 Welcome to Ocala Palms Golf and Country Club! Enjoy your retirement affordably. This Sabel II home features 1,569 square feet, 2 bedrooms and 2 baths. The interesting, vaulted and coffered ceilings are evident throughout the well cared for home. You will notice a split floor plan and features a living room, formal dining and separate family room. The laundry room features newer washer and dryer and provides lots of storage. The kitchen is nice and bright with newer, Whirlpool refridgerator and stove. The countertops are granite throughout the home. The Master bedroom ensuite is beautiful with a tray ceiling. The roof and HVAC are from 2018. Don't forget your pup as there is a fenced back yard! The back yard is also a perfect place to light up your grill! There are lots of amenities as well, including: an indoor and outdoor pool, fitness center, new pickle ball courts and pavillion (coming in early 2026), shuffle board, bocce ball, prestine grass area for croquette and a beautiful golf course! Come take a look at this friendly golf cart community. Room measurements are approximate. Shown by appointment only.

------------

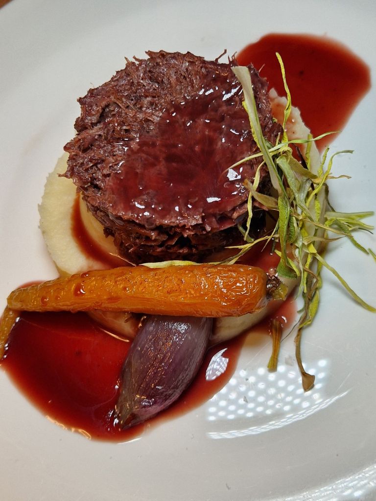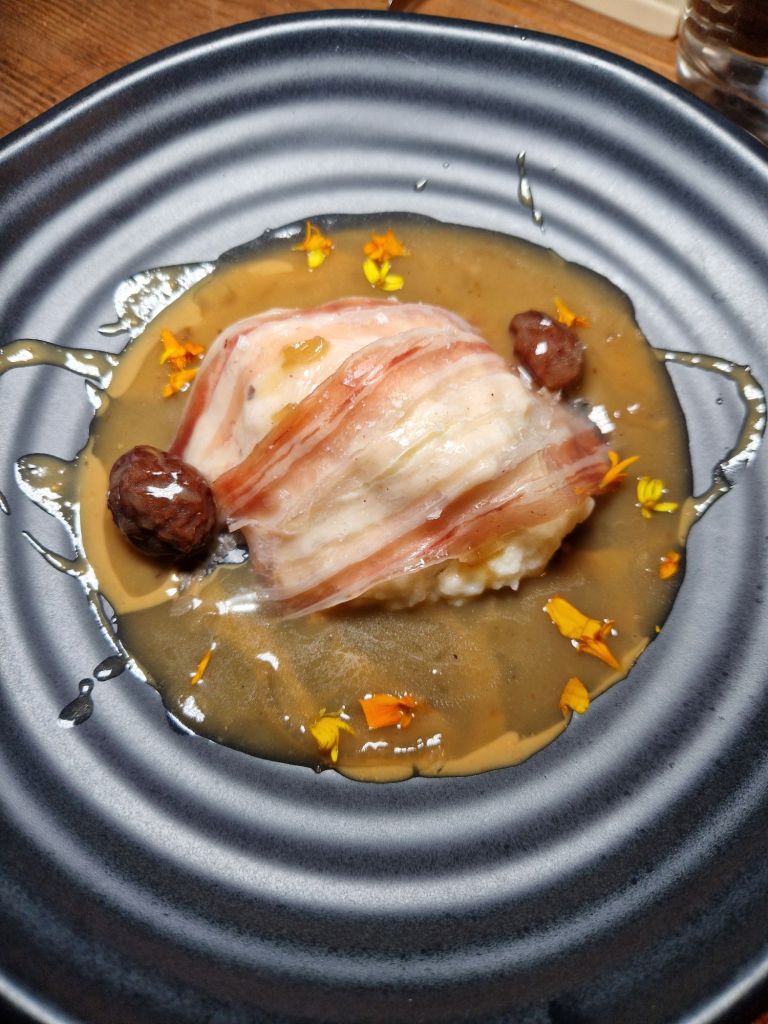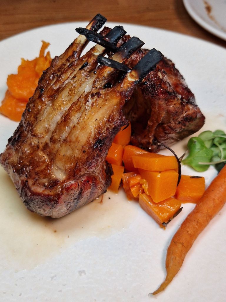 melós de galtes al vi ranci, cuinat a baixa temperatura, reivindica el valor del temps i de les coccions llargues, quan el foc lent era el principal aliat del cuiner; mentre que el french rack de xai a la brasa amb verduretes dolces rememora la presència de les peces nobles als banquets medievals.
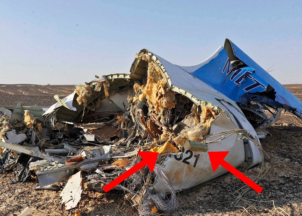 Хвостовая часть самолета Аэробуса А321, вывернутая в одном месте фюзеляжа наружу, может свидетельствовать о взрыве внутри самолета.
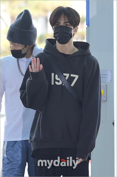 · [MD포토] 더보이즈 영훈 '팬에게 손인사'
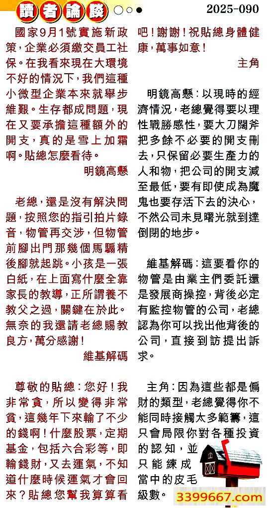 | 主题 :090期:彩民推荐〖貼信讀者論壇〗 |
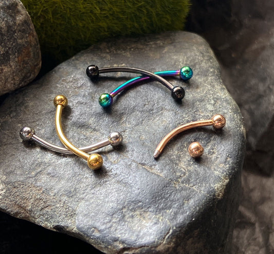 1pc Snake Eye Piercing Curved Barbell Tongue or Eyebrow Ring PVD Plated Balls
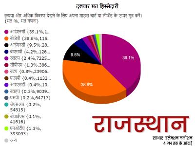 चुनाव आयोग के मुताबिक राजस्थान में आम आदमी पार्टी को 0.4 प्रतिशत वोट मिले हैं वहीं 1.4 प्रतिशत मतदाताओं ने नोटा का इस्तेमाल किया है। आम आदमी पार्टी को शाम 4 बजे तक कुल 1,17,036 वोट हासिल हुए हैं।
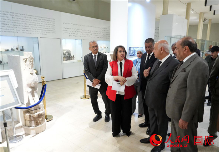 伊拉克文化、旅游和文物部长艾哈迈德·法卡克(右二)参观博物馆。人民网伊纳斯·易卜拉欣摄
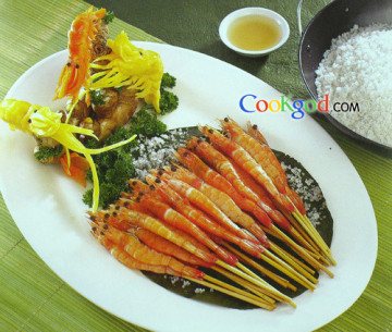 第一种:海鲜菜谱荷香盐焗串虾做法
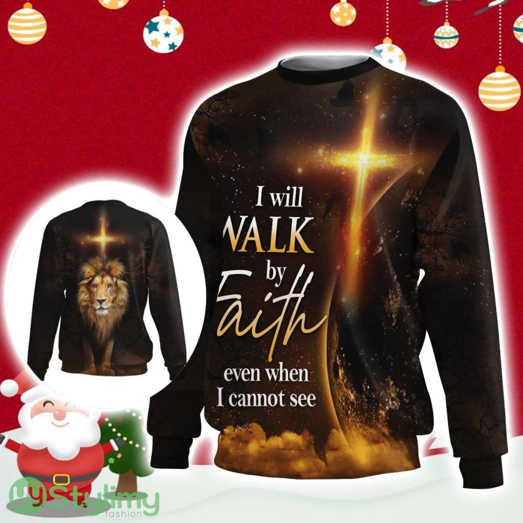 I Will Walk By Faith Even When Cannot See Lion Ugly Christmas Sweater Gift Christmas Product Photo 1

------------

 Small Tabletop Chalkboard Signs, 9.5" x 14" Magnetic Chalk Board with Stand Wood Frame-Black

------------

Assigned task: Copy the lines above exactly, starting at the one with "영훈 '팬에게 손인사'" and ending at the one with "伊拉克文化、旅游和文物部长艾", both included. Leave out any pictures and add nothing else.

Task answer:
 · [MD포토] 더보이즈 영훈 '팬에게 손인사'
 | 主题 :090期:彩民推荐〖貼信讀者論壇〗 |
 1pc Snake Eye Piercing Curved Barbell Tongue or Eyebrow Ring PVD Plated Balls
 चुनाव आयोग के मुताबिक राजस्थान में आम आदमी पार्टी को 0.4 प्रतिशत वोट मिले हैं वहीं 1.4 प्रतिशत मतदाताओं ने नोटा का इस्तेमाल किया है। आम आदमी पार्टी को शाम 4 बजे तक कुल 1,17,036 वोट हासिल हुए हैं।
 伊拉克文化、旅游和文物部长艾哈迈德·法卡克(右二)参观博物馆。人民网伊纳斯·易卜拉欣摄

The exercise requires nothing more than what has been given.